参院選に適用へ、民主党の公職選挙法改正案/課題と展望--解禁へ向け動き出したインターネット選挙運動[7・最終回]
インターネット選挙運動解禁についてのまとめとして、2010年に民主党が新たに作成した公職選挙法改正案と、その成立に向けての展望について述べてみたい。
2010年の民主党案議論過程
これまで民主党は都合4回、インターネット選挙運動解禁に関連する公職選挙法改正案を提出してきた。いずれも審議未了で廃案となってきたのだが、09年夏の総選挙で政権を獲得、マニフェストに本件を記載していたこともあり、今回、新たな公選法改正案を作成した。
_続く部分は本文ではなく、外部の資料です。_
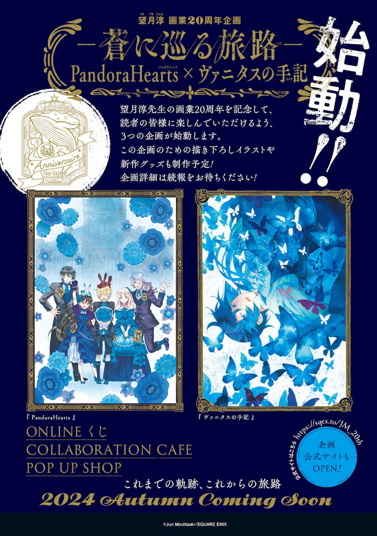 望月淳の画業20周年を記念した企画「望月淳 画業20周年企画 -蒼に巡る旅路- PandoraHearts×ヴァニタスの手記」が、今秋より順次展開予定。公式サイトが本日4月19日に公開された。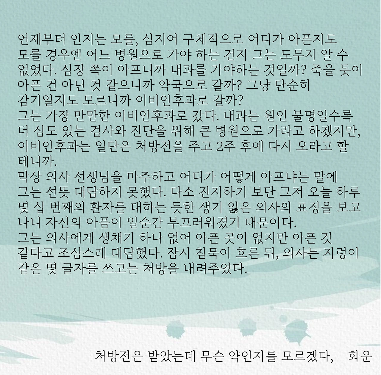 막상 의사 선생님을 마주하고 어디가 어떻게 아프냐는 말에 그는 선뜻 대답하지 못했다. 다소 진지하기 보단 그저 오늘 하루 몇 십 번째의 환자를 대하는 듯한 생기 잃은 의사의 표정을 보고 나니 자신의 아픔이 일순간 부끄러워졌기 때문이다.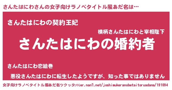 | ファンタジー風あだ名 | 『エターナルサンタハニワー』 |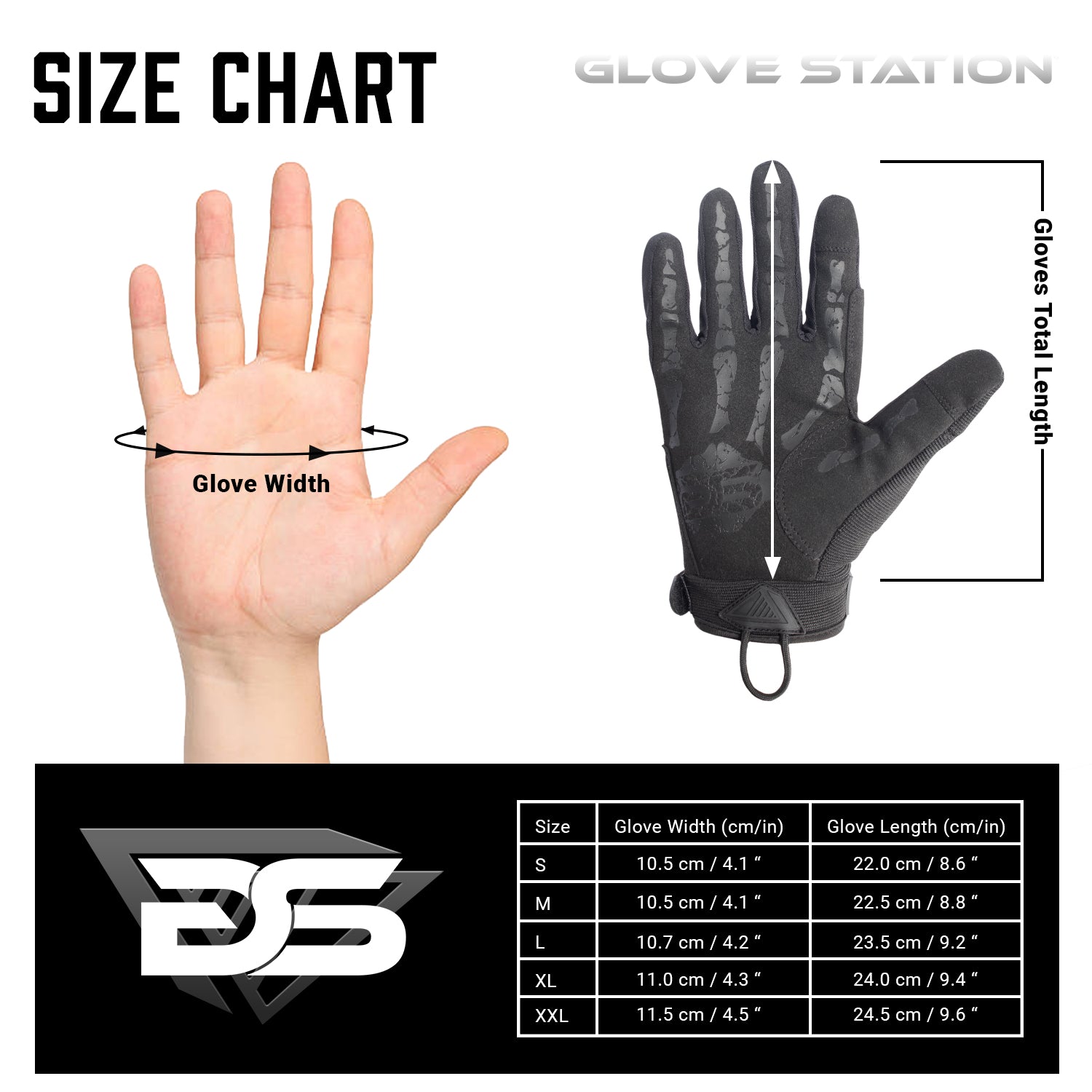 | Size Chart (Inches) | Glove Length | Glove Width | Cuff Length |
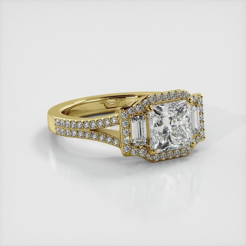 This stunning diamond engagement ring features a three stone design of a princess cut diamond in the center, one baguette diamond on each side, surrounded by brilliant cut round diamonds. The ring has a split shank design with additional diamonds.
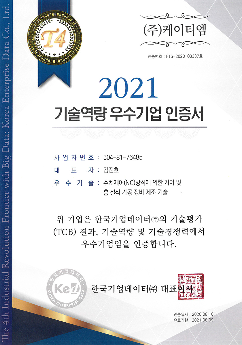 기술역량 우수기업 인증서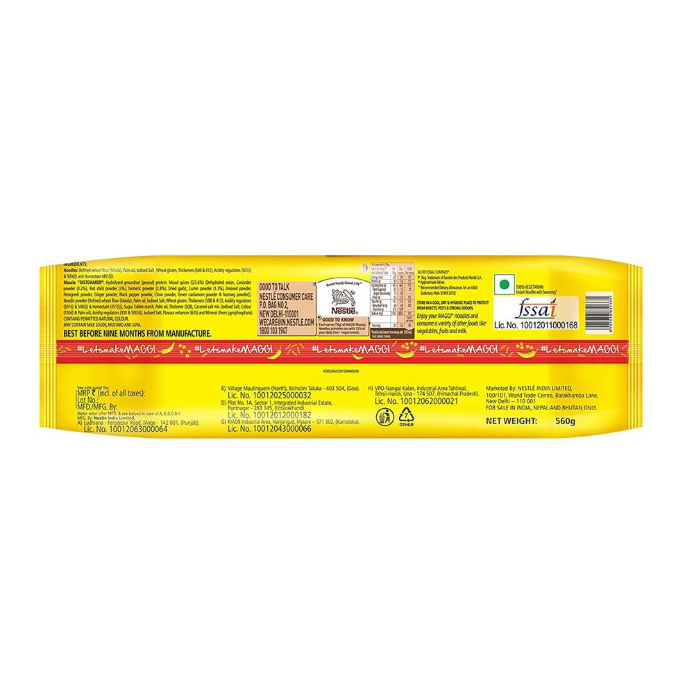 MAGGI 2-min Noodles with your favourite masala taste! MAGGI Masala Noodles is made with the choicest quality spices and ingredients for the taste your heart loves Each serve (70g) provides 15% of your daily Iron requirement* Contains noodle cake & Tastemaker inside for a quick 2-minute preparation. May Contain: Milk and soy. Maximum Shelf life: 9 Months For any queries, please contact_us on: [1800-103-1947]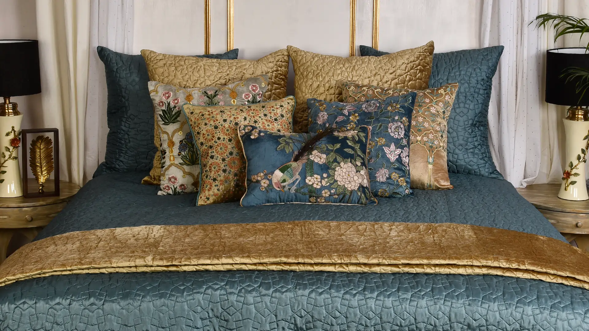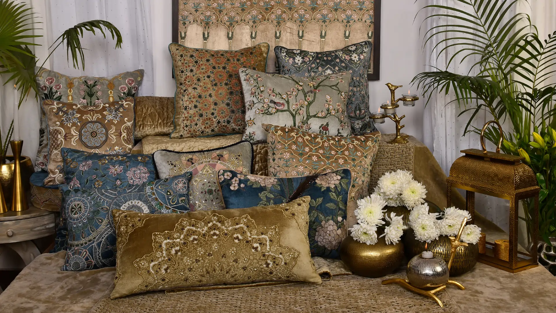 Oriental Foil Print Embroidery Cushion Cover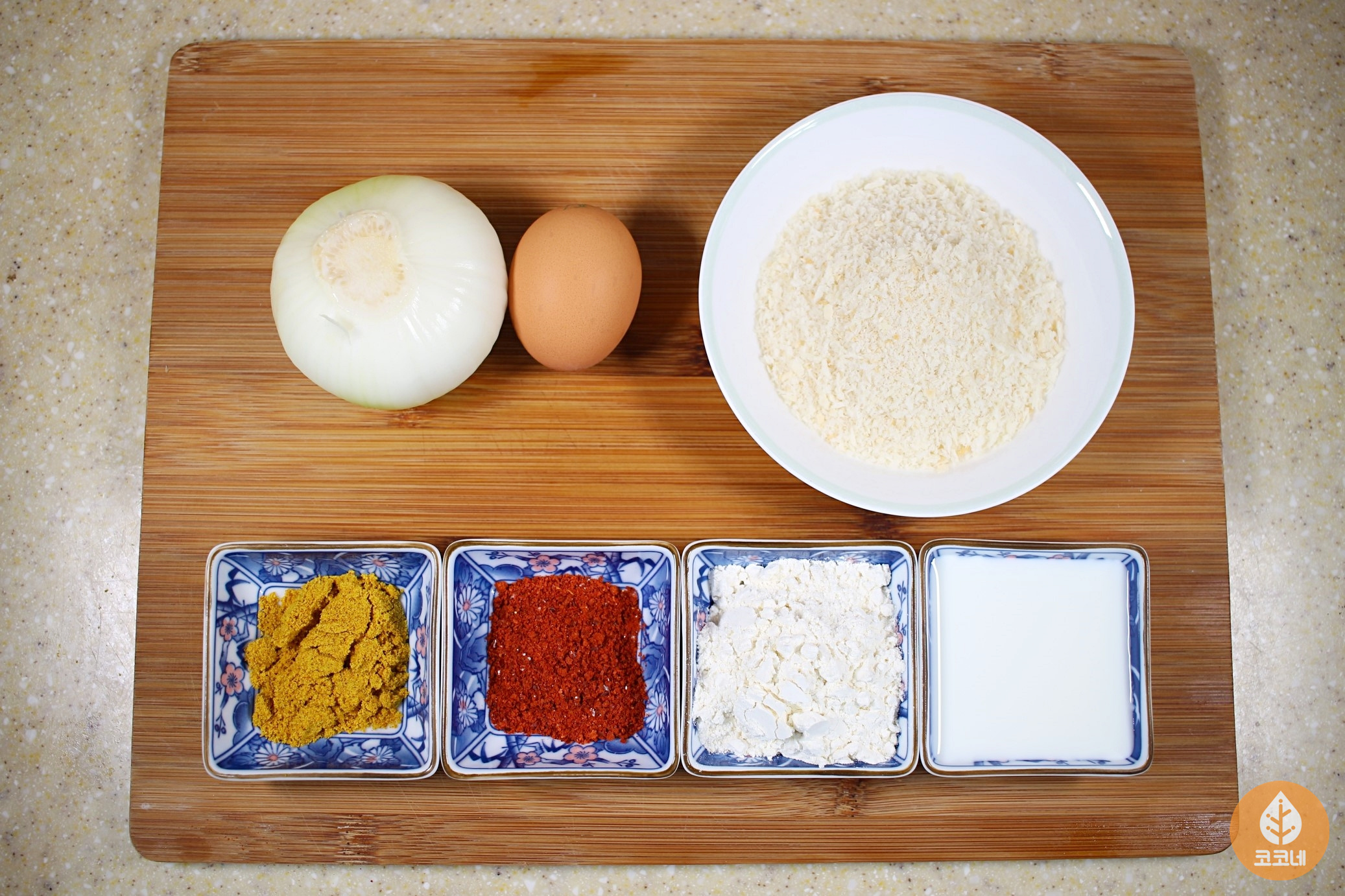 재료는 양파, 카레가루, 고춧가루, 달걀, 튀김가루,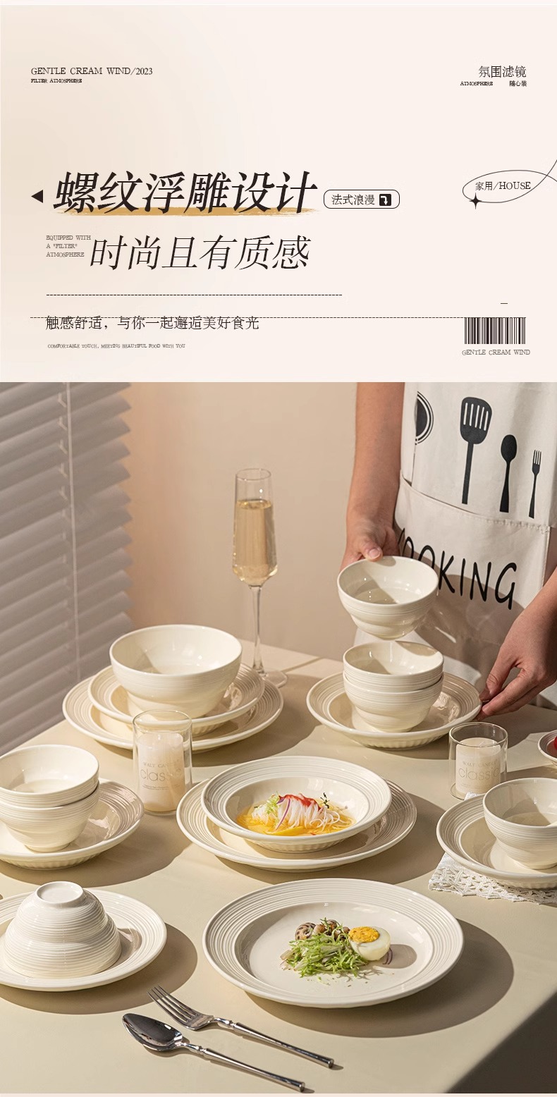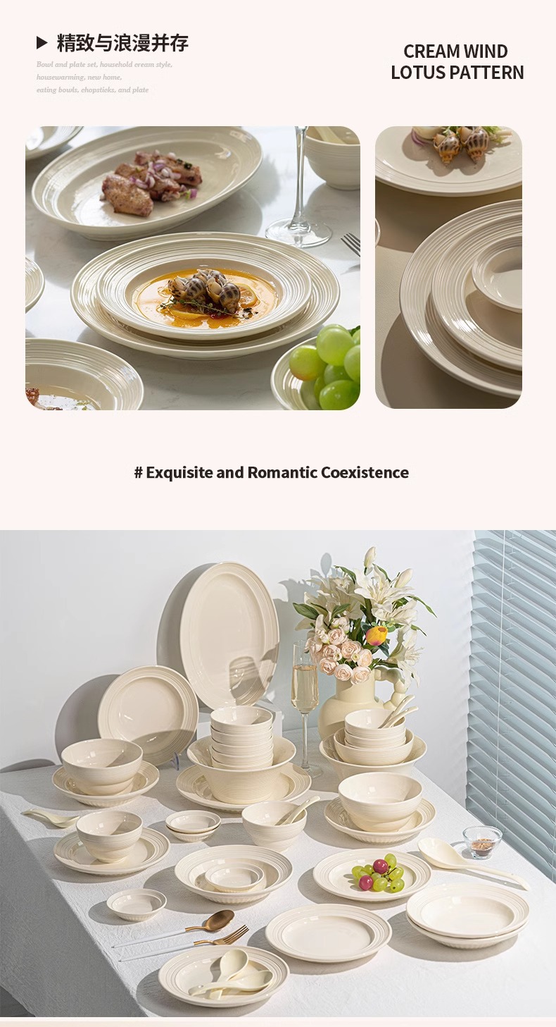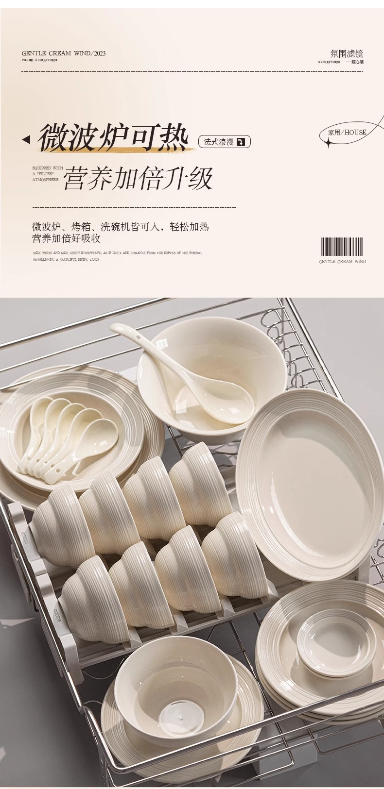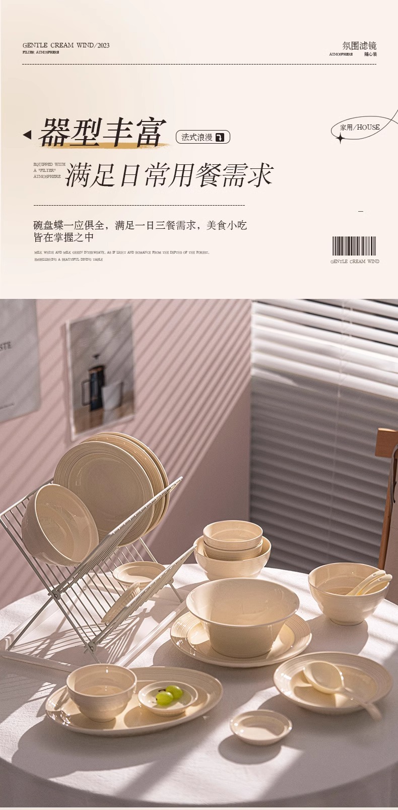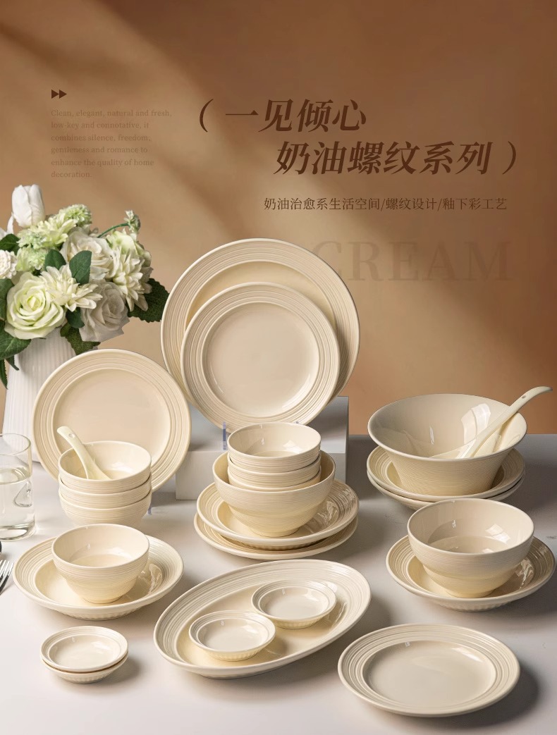 现代简约奶油风餐具碗碟套装碗家用2024新款碗盘组合乔迁新居陶瓷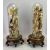 VICTORIAN GLASS DOMES, A PAIR - containing a pair of continental bisque figures of a boy and girl set amongst artificial and dried foliage on associated circular hardwood stands with scroll feet, each 50cms H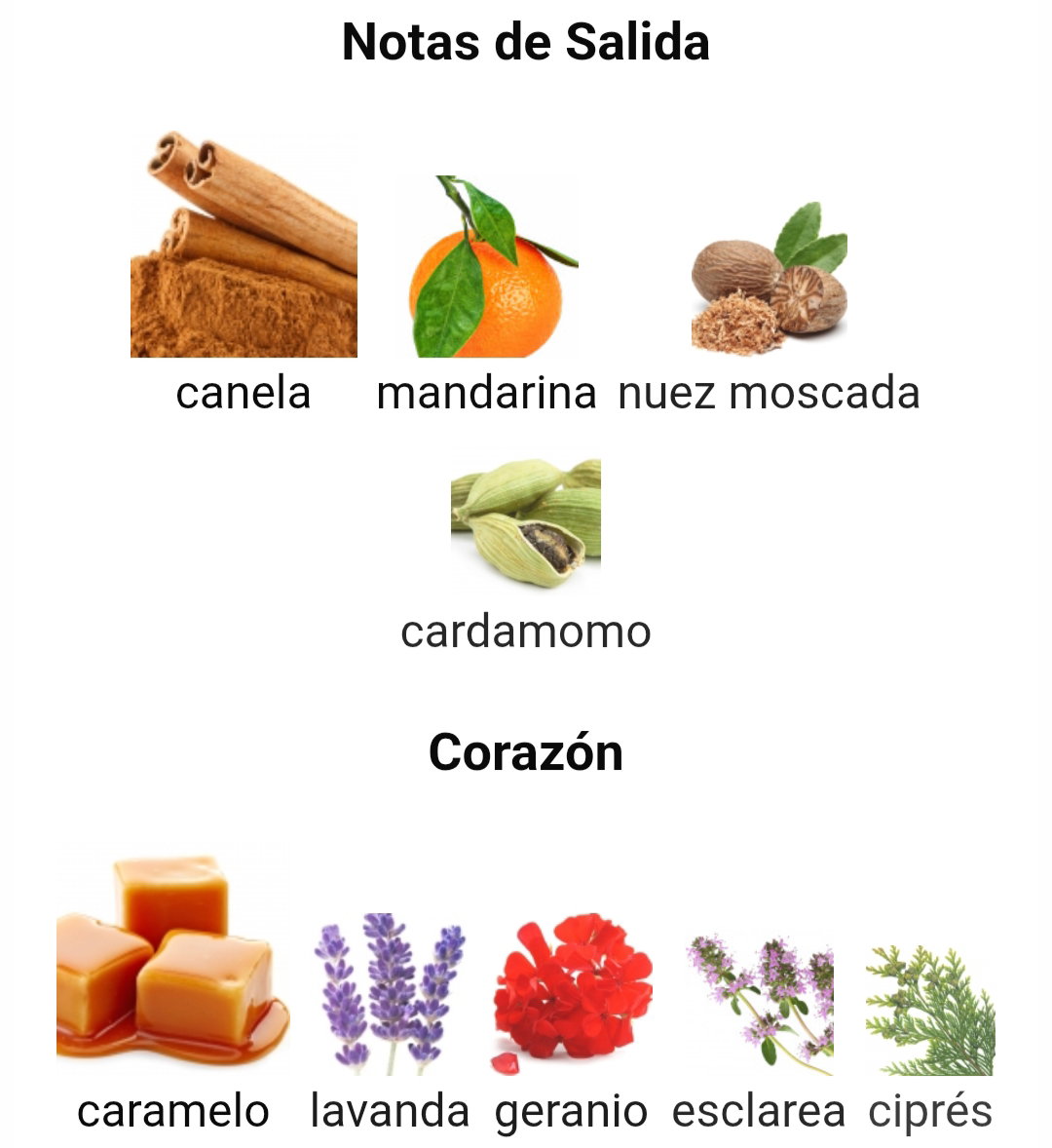 ✔️Notas de Salida: canela, mandarina, nuez moscada y cardamomo;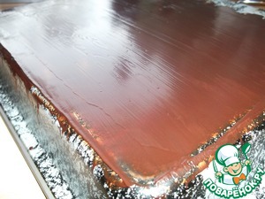 Выливаем оставшийся растопленный шоколад на пирог, разравниваем шпателем (ложкой, ножом)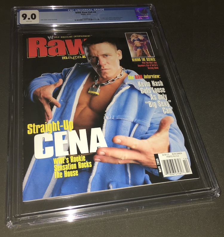 Reality Check: These are tough-sledding for grading if you ask me with light and fibery paper that can bend easily, heavy gloss and then staples and inner inclusions such as posters or merchandise catalogs that were made to be torn out. These are findable for sure ... but in good shape? Very hit and miss. Cena is easily one of the WWE's biggest names ever -- and he's a player in entertainment -- so an item like this is key just a couple decades later.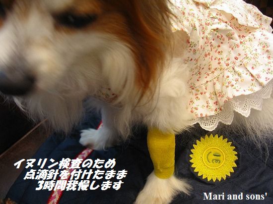 この日の検査では 術前に数値の悪かった腎臓の機能検査を行い イヌリンを注入しその血液における残量から腎機能を図るという検査を行いました 写真で見えるように 前足に点滴用の針をつけたまま3時間ほどを過ごさなければならないのです |

その議論主体としては、民主党インターネット選挙運動解禁研究会(田嶋要会長、石井登志郎事務局長)であり、筆者もその一員として活動してきた。
研究会においては「どこまで解禁するのか」について、以下5つの争点を中心に議論が交わされた。それぞれの項目は、実は、まだ最終案としては固まっておらず、流動的である。したがって、現時点でも不確定要素が多いということを了承のうえ、記事を読んでいただきたい。
1)電子メールの取り扱い方
課題:オプトアウト(受信者の事前許諾が不要)方式とオプトイン(受信者の事前許諾が必要)方式、いずれを採用するのか
参考法令:特定電子メール法、改正商取引法
素案:
・原則オプトイン方式、ただし名刺交換など明示の許諾がある場合は送信可能にする。拒否通知をした者に対しては、送信不可。公民権の停止を含む罰則も検討中。
・選挙運動用電子メールである旨や拒否通知先などの表示義務も設ける。
2)誹謗中傷対策、なりすまし対策
課題:実効性ある対策とは? 各自治体選挙管理委員会の対応に無理はないか
参考法令:名誉毀損罪、侮辱罪
素案:
氏名・メールアドレスの表示義務は、候補者・政党のみに課す。